= Fergus mac Áedáin =

Fergus mac Áedáin (died 692) was king of Ulaid from 674. He belonged to a branch of the Dal nAraide known as the Uí Echach Cobo in the west part of county Down. They were distinct from the main branch located in County Antrim who were known as Kings of the
Cruithne in this period. He was the son of Áedán mac Mongain (died 616), a previous king of Cobo.

He was the first member of the Dal nAraide to hold the throne since death of Congal Cáech at Mag Roth in 639. He was of the Ui Echach Coba branch of the Dal nAraide and was the son of Áedán mac Mongain (d. 616). No mention is made of why he became king but the previous holders, the Dal Fiatach had been guilty of some kin slaying.
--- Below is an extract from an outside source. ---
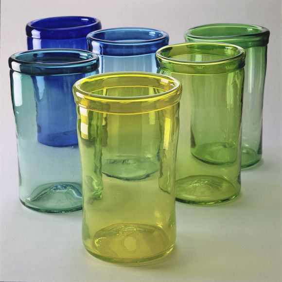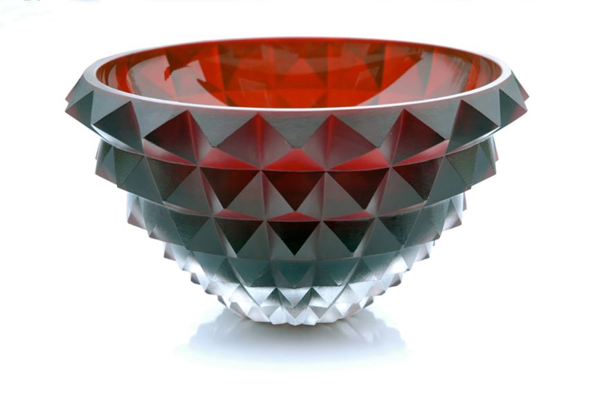 Underfångsglas. Glasblåsaren blåser in luft i en liten kula av färgat glas, sk tappfärg. Utanpå läggs ett skikt av klar glasmassa. Därefter blåses glaset upp till önskad form. Färgen ligger på insidan av glaset. Det går också att lägga på ytterligare ett färgskikt men då får man fram ett överfångsglas.

In 691, the annals record the despoiling of the Cruithne and the Ulaid by the men of Dál Riata

His son Bressal mac Fergusa (d. 685), called king of Cobo by the Annals of Tigernach, died of disease which was rampant at this time. He himself was slain by his own people in 692 according to the Annals of the Four Masters, whereas the Annals of Ulster simply state that he died.

He married Máel Teglaig, daughter of Máel Odar (died 639), king of the Airthir, a tribe of the Airgialla in County Armagh. Their daughter, Ériu, married Ailill mac Cennfáelad (died 702), King of the Cianachta Glenn Geimin (in what is modern day County Londonderry.) Besides his son Bressal, he had a son named Máel Cothaig.